Bush's Half-Hearted Summit

By Ulrike Putz and Gregor Peter Schmitz in Beirut and Washington, D.C.

US President George W. Bush plays host this week to a massive summit aimed at pushing the Middle East peace process forward. Expectations, though, are low. Many doubt that Bush is truly dedicated to the project.

It was an elegant setting for the luncheon hosted by the Israel Project one week ago. Guests at the National Press Club in Washington picked at salmon on a bed of salad, forks clinked gently against plates. The hostess spoke quietly of peace and understanding.

But then David Wurmser showed up. For four years, Wurmser was US Vice President Dick Cheney's Middle East advisor. And he is not at all convinced that the region deserves the world's attention. "It is absurd," he said to general astonishment, "that Secretary of State Condoleezza Rice contributes to the ozone hole by jetting across the world to bring peace to the Israelis and Palestinians." There are, he went on, much more important challenges, like North Korea, Iran, China, energy policy, Moscow, Japan....

The list seemed endless. "For me, the conflict is way down on the priority list," Wurmser said. "To attach so much importance to it sends the wrong signal."

All Domestically Weak

Wurmser is no longer with the government, having left this year to start his own consulting firm. He attended and spoke at last week's event as a civilian. Still, his comments are telling; they mirror exactly the friction generated by the Annapolis conference within the Bush Administration.

Officially the United States is the proud host, welcoming high-ranking representatives from 49 countries and organizations to the summit with the intention of exploring possible paths to peace between the Israelis and Palestinians. The countries represented even include Saudi Arabia and Syria, neither of which was present at the last major US negotiation initiative, Bill Clinton's 2000 Camp David summit. All the parties are meeting on Tuesday on the premises of the picturesque Annapolis Naval Academy in the state of Maryland, where a banner in one room features the encouraging motto: "Don't give up the ship!"

But even before the first speech was held at the conference, many observers had already abandoned any hope of significant progress. "All the participants have the fear of failure on their minds rather than the hope of success," Tamara Cofman Wittes from the Brookings Institution told SPIEGEL ONLINE, adding that the key protagonists -- US President George W. Bush, Palestinian President Mahmoud Abbas and Israeli Prime Minister Ehud Olmert -- are all very weak domestically.

Help Against Iran

Shmuel Rosner, US correspondent of the Israeli newspaper Haaretz, is not even impressed by the fact that the Arab states are attending. "This whole meeting tells us much more about the host than about the guests," he says.

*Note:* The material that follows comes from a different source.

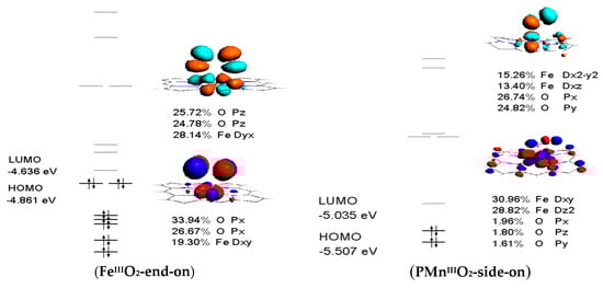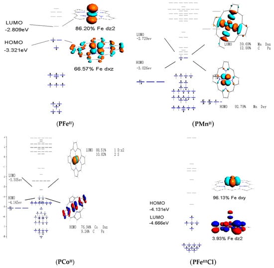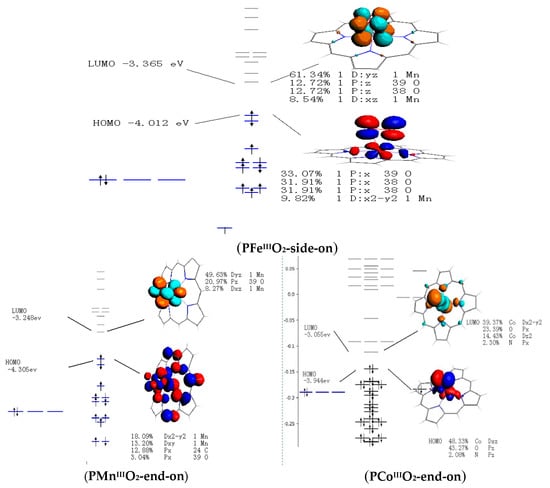 Frontier molecular orbitals of PMIII and PMIII-O2 (M=Fe, Mn, and Co).

And the host appears to be moody. Large parts of Bush's team seem to have very little desire to work hard to make Annapolis a success -- already apparent from the disastrous preparation. The mega-conference was not officially confirmed until the beginning of last week, forcing delegations to hurriedly amend their hotel bookings. Briefings with reporters were arranged with just a few minutes' notice -- and clashed with the US-wide travel chaos caused by the Thanksgiving holiday.

Why the half-heartedness? In the White House, the Annapolis conference is increasingly regarded as an admission of weakness, especially in the influential circle surrounding Dick Cheney and the neo-cons. They grudgingly accept that a stronger US engagement for peace in the Middle East is probably the price that has to be paid for more help against an increasingly powerful Iran.

Important US allies such as Saudi Arabia have given clear signals in recent months that they want support in mediating between the Israelis and Palestinians. "The conference is also a product of the changed balance of power in the region," says Wittes. The official line in Washington is that such pragmatic considerations have no effect on the US's Middle East policy and that Annapolis is much more about finding a new start for real peace talks. But few in the Middle East would believe that the US government could be so altruistic. "It is good that the negotiating process is back on track," says Wittes. "But it's not good that it is being exploited for other political aims."

Mustafa Barghouti, the Palestinian Information Minister until June, sees little more than a glimmer of hope in the peace conference. "The US was mainly put under pressure by the Saudis to do something," he told SPIEGEL ONLINE. But the outcome was totally unsatisfactory, he said. The Annapolis conference was poorly prepared and the hectic organization that went into it belied a lack of substance, said Barghouti. "A lot is being done here so that no one notices that nothing is being done."